_TO DO_.
Within the listing that follows, reproduce exactly the lines starting at the line with "그리고 커피 한 잔과, 수플레 팬 케이크로 디저트를!" and ending at the line with "单项选择题、多项选择题题、不定项选择题、填空题、判断题、问答题、材料题。", inclusive, and only those. Pictures are dropped.

_PROVIDED MATERIAL_.
-- Opening Marker --

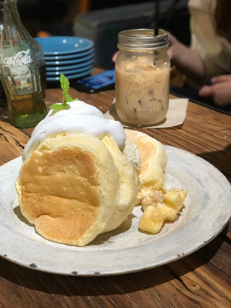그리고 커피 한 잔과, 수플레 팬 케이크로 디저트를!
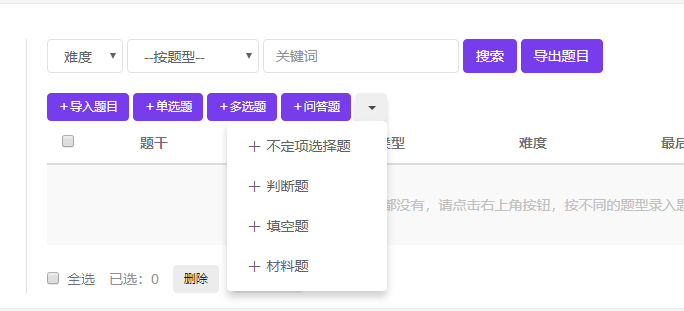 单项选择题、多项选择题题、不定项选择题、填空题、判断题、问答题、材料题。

-- Closing Marker --
-- Opening Marker --

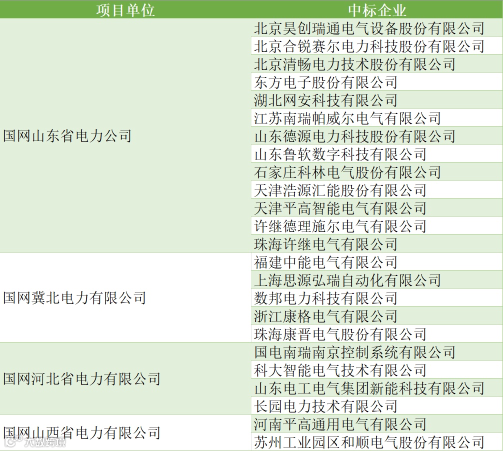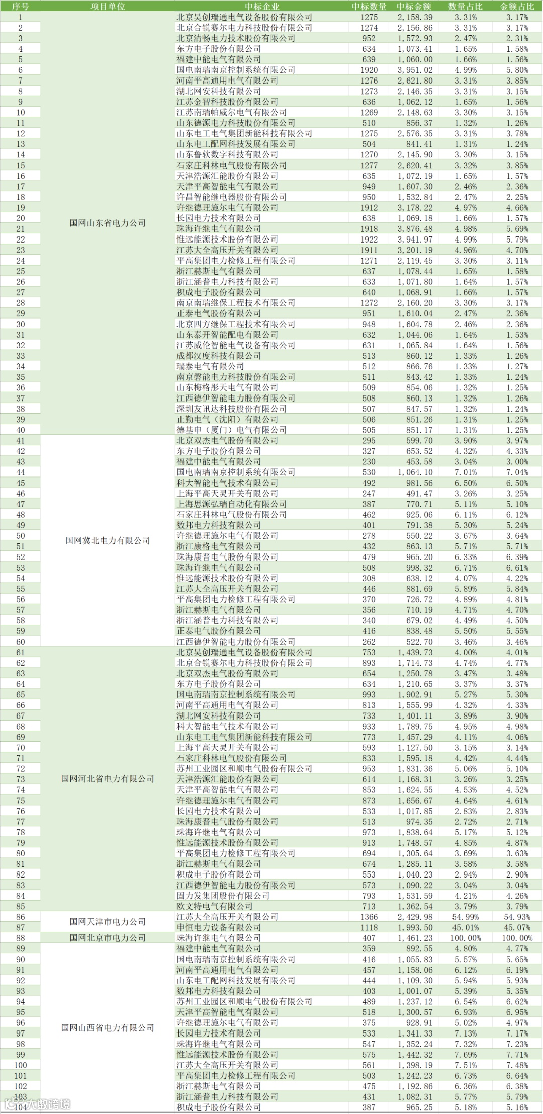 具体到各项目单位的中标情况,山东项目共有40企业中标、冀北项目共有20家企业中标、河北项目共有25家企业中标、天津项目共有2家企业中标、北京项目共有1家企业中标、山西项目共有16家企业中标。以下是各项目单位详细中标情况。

-- Closing Marker --

_RESULT OF THE EXERCISE_.
그리고 커피 한 잔과, 수플레 팬 케이크로 디저트를!
 单项选择题、多项选择题题、不定项选择题、填空题、判断题、问答题、材料题。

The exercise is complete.